In July 2011, we reported on Public Act 98, which essentially prohibited the use of Project Labor Agreements (PLAs) on all publicly funded construction projects (see here). Since most of those projects are subject to the federal Davis-Bacon Act’s prevailing wage provisions, or those of the companion Michigan Act, the chief significance of PA 98 was simply relief to contractors from the PLA requirement they be signatory to a Building Trades Union Agreement. PA 98 had no application to projects or PLAs already in existence at the time of its passage; nor did it prevent or prohibit PLAs on privately-funded projects.
By order dated February 29, 2012, however, enforcement of PA 98 has been enjoined by the U.S. District Court for the Eastern District of Michigan. Mich Bldg & Constr Trades Council v Snyder, (ED Mich 2/29/12). In an Opinion authored by District Judge Victoria Roberts, the District Court found the Michigan statute is a state regulation of labor relations preempted by federal law, specifically the National Labor Relations Act and the U.S. Constitution’s Supremacy Clause.
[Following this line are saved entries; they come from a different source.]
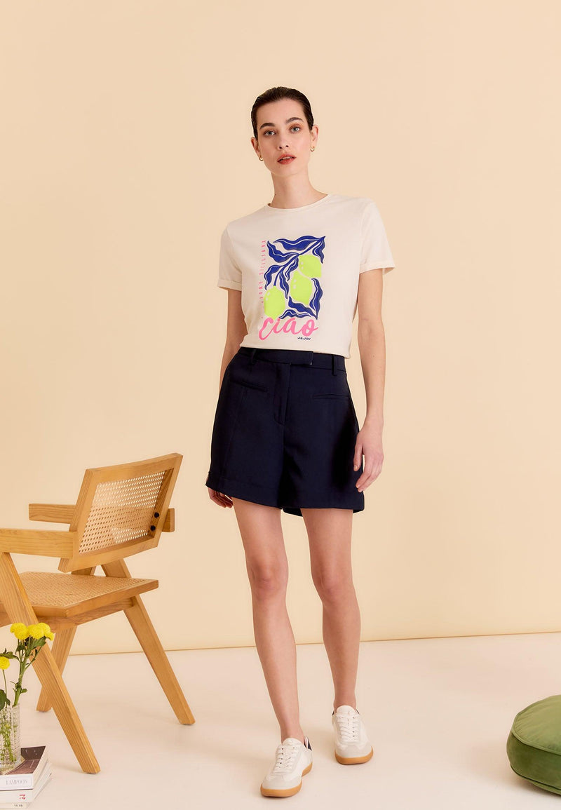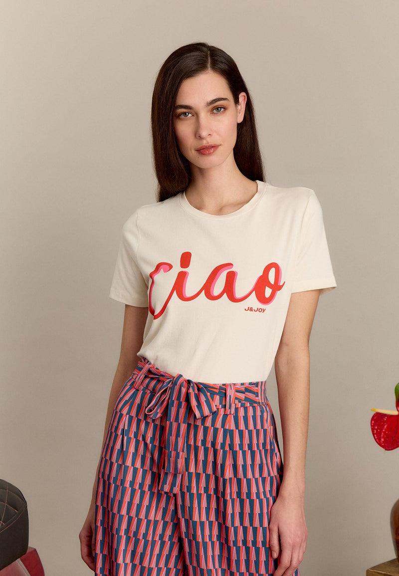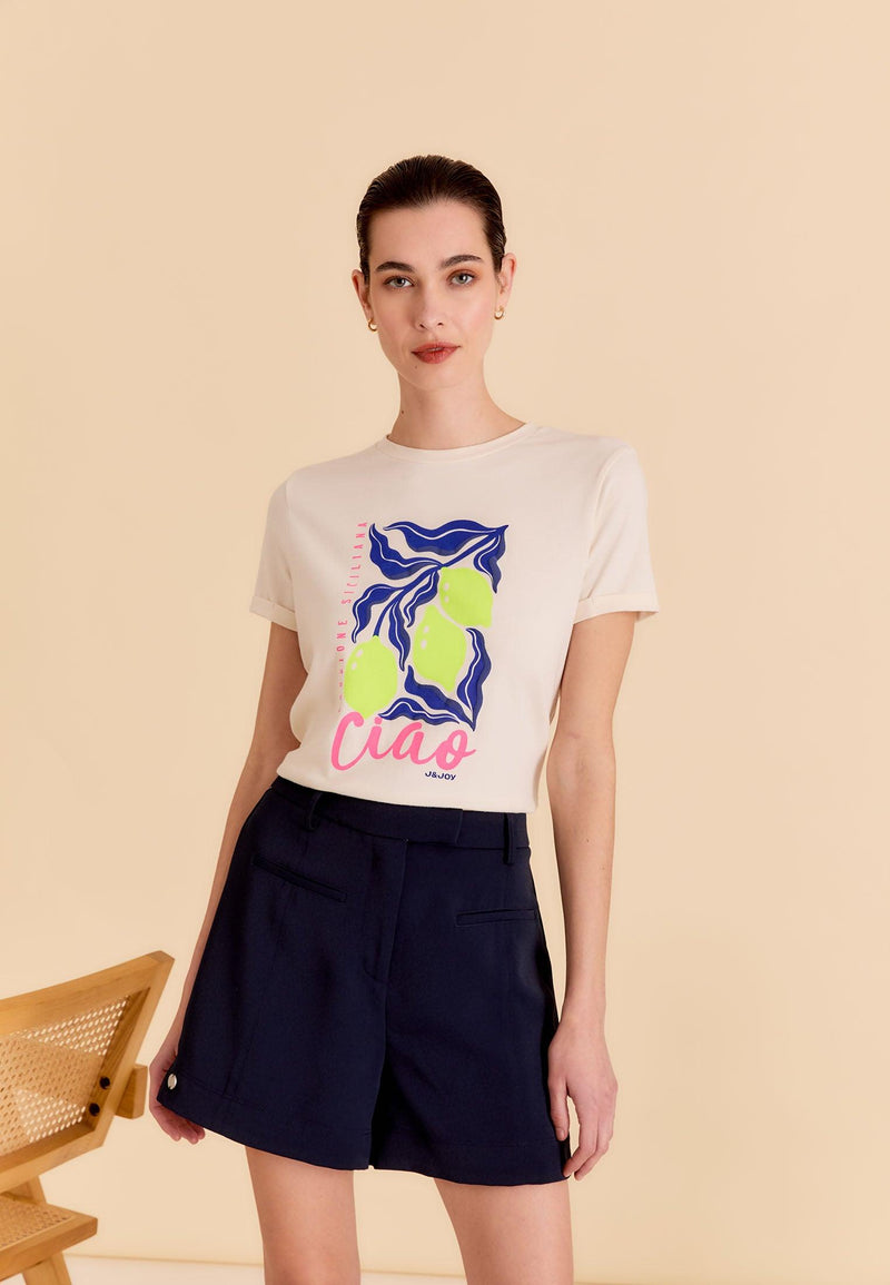 T-shirt femme beige motif végétal LA DOLCE VITA sur le cœur
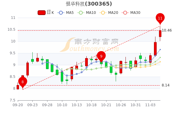 11月7日恒华科技(300365)开盘报10.19元,截至下午三点收盘,该股报10.460元涨5.02%,成交3.65亿元,换手率8.07%。
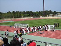 観戦無料とのことなので未来のJ入りを目指すチーム同士の熱い戦いを観ながら昼食をとることに。この試合、TDK秋田が同点ゴールを決めた瞬間に試合終了というドラマティックな展開。地元ヴィーゼのサポーターから落胆の声があがっていました。両チームとも数多くの決定的なチャンスがありながらもなかなか点が入らない展開に、我がザスパトップチームの姿がかぶってしまったことはここだけの話にしてくんな...^^;このグラウンドでは引き続き次の試合(グルージャ盛岡×NECトーキン)が行われた模様だが、我らの本日の戦いの場が開場となったので移動することに。
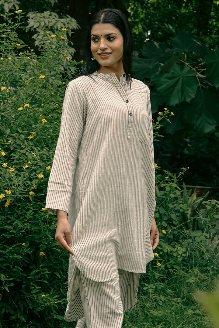 Greet the day in the Mandvi Savar Kurta, where the warmth of sunrise meets timeless style. Crafted from the finest Kala Cotton in a one-of-a-kind stripe weave, this kurta radiates with the hues of dawn along the Mandvi shores. Tailored for both elegance and comfort, it offers a luxurious feel with every wear, perfect for both morning affairs or leisurely evenings.
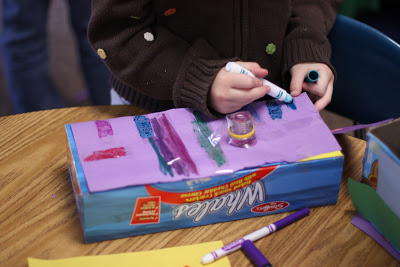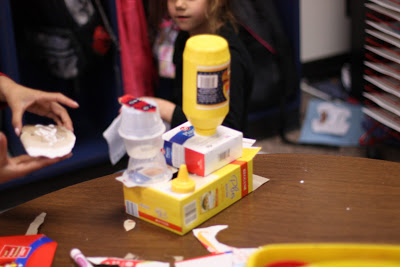 This week I pulled out a huge bag of boxes and containers I have saved for “Creation Station.” I told the children they were to create (invent) something that they can use. (I provided construction paper, glue, scissors, tape) What they created had to have a purpose. The class went to a quiet purr for the first time since Spring Break during the late afternoon – here is a peek at what they created:
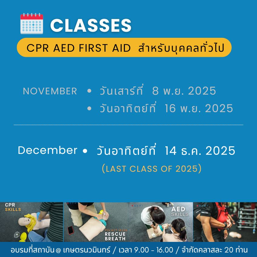 · ผู้เรียนที่สอบผ่านจะได้รับ CERTIFICATE “CPR, AED and Basic First Aid” ของ BEAT CPR TRAINING CENTER
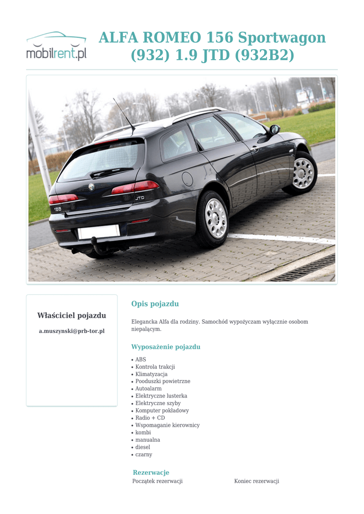 ALFA ROMEO 156 Sportwagon (932) 1.9 JTD (932B2) Opis pojazdu Właściciel pojazdu [email protected] Elegancka Alfa dla rodziny. Samochód wypożyczam wyłącznie osobom niepalącym. Wyposażenie pojazdu ● ● ● ● ● ● ● ● ● ● ● ● ● ● ABS Kontrola trakcji Klimatyzacja Pooduszki powietrzne Autoalarm Elektryczne lusterka Elektryczne szyby Komputer pokładowy Radio + CD Wspomaganie kierownicy kombi manualna diesel czarny Rezerwacje Początek rezerwacji Koniec rezerwacji
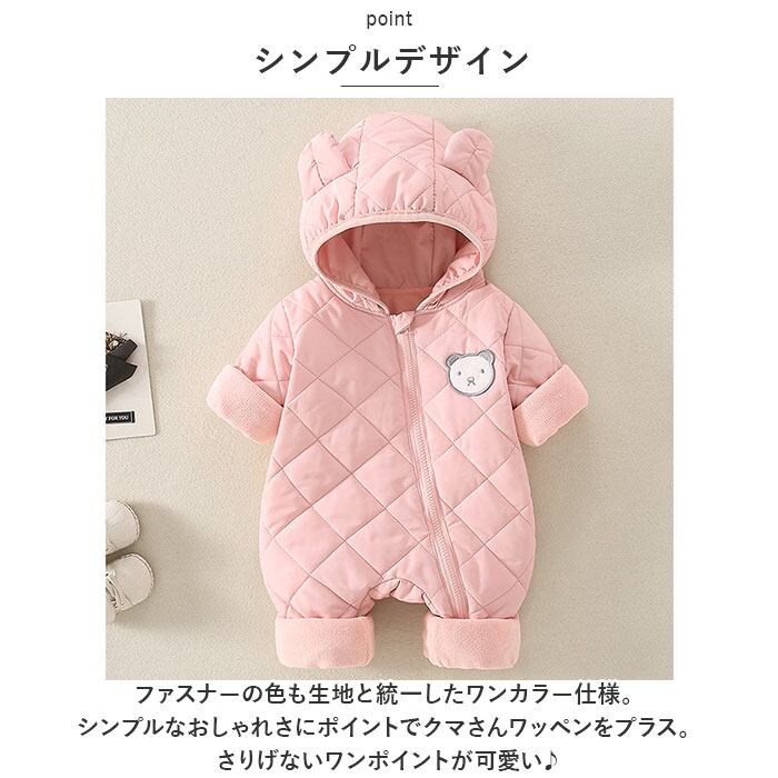・クマさんがほっこり可愛い♪裏起毛仕様であったか防寒「ベビージャンプスーツ」が登場。
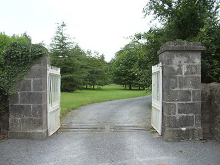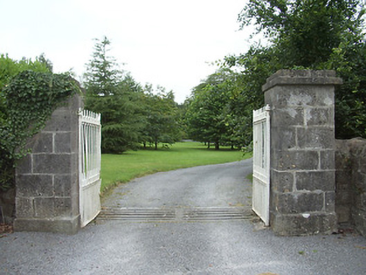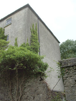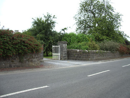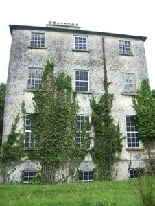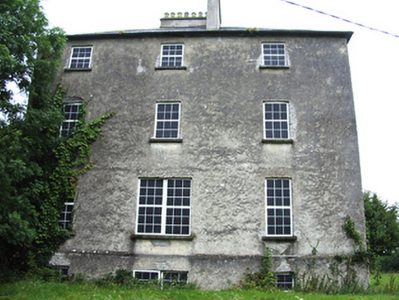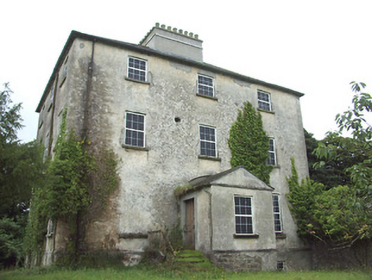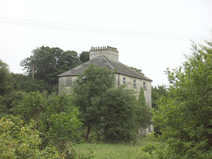 This imposing Church of Ireland rectory retains its early form and character despite being out of use since the 1960s. It is well-proportioned with diminishing window openings, while the regularity of its three-bay elevations creates an almost cubic effect. The massive L-shaped chimneystack is an interesting feature that gives this building a distinctive roofline. This is a much larger structure than is usually encountered with Church of Ireland rectories suggesting that it was (also) used for another purpose, perhaps as a bishop’s palace or for diocesan administration. Indeed, the nearby Church of Ireland church (St. Patrick’s 13312032) was, for a while, a cathedral church until the Dioceses of Ardagh and Kilmore were united in 1839. It cost £1383 to build, and Lewis (1837) records that this structure was built in 1823 ‘by a gift of £100 and a loan of £1200 from the Board of First Fruits’. The ruinous but good quality two-storey outbuilding to the rear, the boundary walls and the attractive entrance gates complete the setting and add to this notable composition. It forms an interesting pair of related structures with the associated Church of Ireland church (13312032) to the southeast.
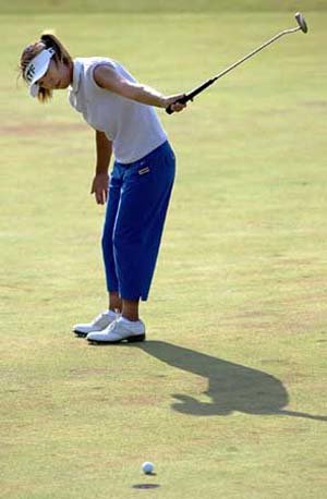 在最初的3个洞上救球成功的金美贤继第4号洞(4杆)打出第一次小鸟球后,接着在7号洞(4杆)和8号洞(3杆)上,连续打出了小鸟球,成绩转向上升势头。

The District Court placed specific emphasis on the NLRA’s protection of collective bargaining as protected activity, as well as its express authorization of pre-hire agreements in the construction industry.
So for now, the State, the various subordinate governmental entities, school districts and other public entities may once again fund projects that include the requirement of a PLA. The Snyder Administration and other interested parties, most notably the Associated Builders and Contractors of Michigan, are currently weighing their options, which include a request for rehearing at the District Court or an appeal to the Sixth Circuit Court of Appeals.